*** DATA EXCERPTS ***

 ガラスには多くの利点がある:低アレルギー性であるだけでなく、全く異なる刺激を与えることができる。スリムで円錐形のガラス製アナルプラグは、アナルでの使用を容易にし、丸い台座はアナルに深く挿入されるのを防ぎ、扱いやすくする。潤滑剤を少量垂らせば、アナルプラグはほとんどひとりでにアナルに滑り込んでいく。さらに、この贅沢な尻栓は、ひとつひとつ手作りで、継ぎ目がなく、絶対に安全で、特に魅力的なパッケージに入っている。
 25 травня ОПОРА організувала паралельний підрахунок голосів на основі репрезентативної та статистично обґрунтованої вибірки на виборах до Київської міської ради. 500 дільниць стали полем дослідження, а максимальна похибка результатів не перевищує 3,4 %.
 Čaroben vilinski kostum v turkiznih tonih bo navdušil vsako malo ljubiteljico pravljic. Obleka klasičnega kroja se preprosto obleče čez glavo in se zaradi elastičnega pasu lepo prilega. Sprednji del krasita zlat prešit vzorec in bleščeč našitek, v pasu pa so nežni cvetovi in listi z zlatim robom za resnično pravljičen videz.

*** End of DATA EXCERPTS ***
*** DATA EXCERPTS ***

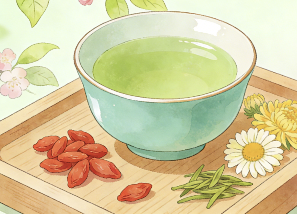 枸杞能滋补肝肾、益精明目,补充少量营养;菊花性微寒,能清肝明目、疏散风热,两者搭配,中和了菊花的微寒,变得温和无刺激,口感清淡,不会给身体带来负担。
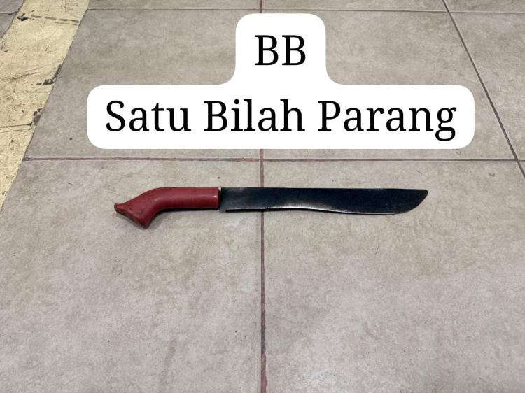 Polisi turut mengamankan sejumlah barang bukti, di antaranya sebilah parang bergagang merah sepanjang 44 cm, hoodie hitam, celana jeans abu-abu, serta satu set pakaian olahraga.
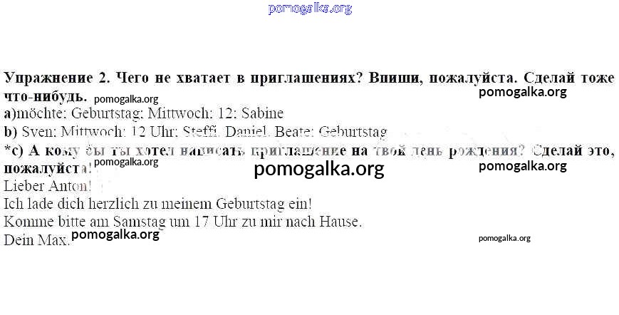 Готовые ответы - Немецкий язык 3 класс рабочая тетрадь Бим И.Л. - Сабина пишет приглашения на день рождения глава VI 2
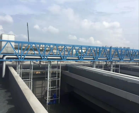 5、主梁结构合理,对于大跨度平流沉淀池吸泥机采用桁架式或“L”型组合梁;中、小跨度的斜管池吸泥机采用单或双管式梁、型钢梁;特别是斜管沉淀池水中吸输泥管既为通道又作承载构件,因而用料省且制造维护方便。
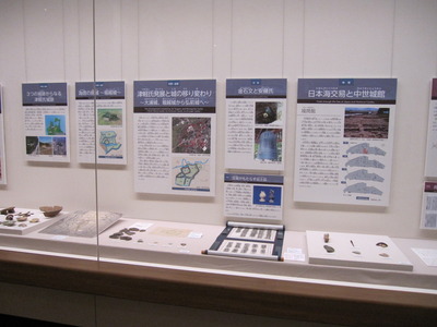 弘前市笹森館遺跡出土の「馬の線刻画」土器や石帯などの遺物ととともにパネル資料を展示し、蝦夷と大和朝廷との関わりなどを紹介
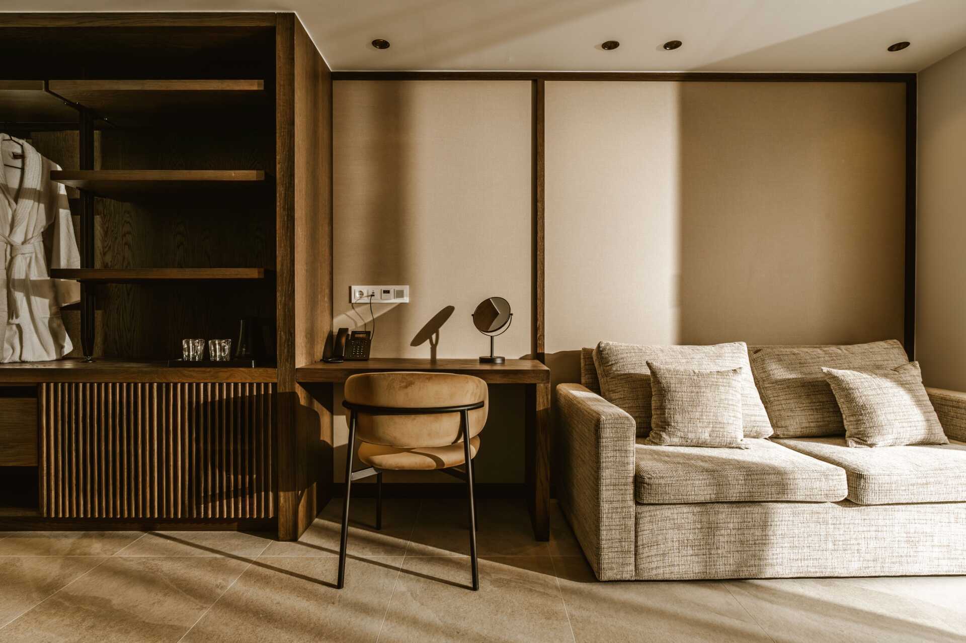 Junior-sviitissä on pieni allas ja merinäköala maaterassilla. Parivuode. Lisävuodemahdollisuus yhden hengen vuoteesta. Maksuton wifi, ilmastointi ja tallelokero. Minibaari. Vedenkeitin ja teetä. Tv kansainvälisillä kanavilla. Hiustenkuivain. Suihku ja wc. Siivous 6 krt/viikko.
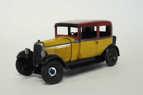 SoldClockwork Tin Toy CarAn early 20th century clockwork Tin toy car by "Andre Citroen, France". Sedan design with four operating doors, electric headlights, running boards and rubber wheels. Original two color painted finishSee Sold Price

*** End of DATA EXCERPTS ***
*** DATA EXCERPTS ***

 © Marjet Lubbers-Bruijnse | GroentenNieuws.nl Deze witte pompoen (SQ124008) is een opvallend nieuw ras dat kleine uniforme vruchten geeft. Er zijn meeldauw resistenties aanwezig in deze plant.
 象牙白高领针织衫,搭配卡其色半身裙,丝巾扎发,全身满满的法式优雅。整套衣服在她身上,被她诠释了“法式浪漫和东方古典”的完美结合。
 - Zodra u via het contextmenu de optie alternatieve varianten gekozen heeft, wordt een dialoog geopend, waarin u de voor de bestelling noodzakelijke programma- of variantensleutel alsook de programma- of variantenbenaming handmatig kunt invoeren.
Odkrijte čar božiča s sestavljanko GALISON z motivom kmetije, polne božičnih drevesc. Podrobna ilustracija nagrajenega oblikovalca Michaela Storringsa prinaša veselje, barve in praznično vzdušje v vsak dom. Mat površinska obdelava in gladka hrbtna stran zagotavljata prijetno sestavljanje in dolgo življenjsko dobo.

*** End of DATA EXCERPTS ***

:: TASK REQUIREMENTS ::
Working from the material above, retype exactly the lines from the one with "ガラスには多くの利点がある:低アレルギー" through the one with "Čaroben vilinski kostum", both included, and only those lines.

:: RESPONSE TO THE TASK ::
 ガラスには多くの利点がある:低アレルギー性であるだけでなく、全く異なる刺激を与えることができる。スリムで円錐形のガラス製アナルプラグは、アナルでの使用を容易にし、丸い台座はアナルに深く挿入されるのを防ぎ、扱いやすくする。潤滑剤を少量垂らせば、アナルプラグはほとんどひとりでにアナルに滑り込んでいく。さらに、この贅沢な尻栓は、ひとつひとつ手作りで、継ぎ目がなく、絶対に安全で、特に魅力的なパッケージに入っている。
 25 травня ОПОРА організувала паралельний підрахунок голосів на основі репрезентативної та статистично обґрунтованої вибірки на виборах до Київської міської ради. 500 дільниць стали полем дослідження, а максимальна похибка результатів не перевищує 3,4 %.
 Čaroben vilinski kostum v turkiznih tonih bo navdušil vsako malo ljubiteljico pravljic. Obleka klasičnega kroja se preprosto obleče čez glavo in se zaradi elastičnega pasu lepo prilega. Sprednji del krasita zlat prešit vzorec in bleščeč našitek, v pasu pa so nežni cvetovi in listi z zlatim robom za resnično pravljičen videz.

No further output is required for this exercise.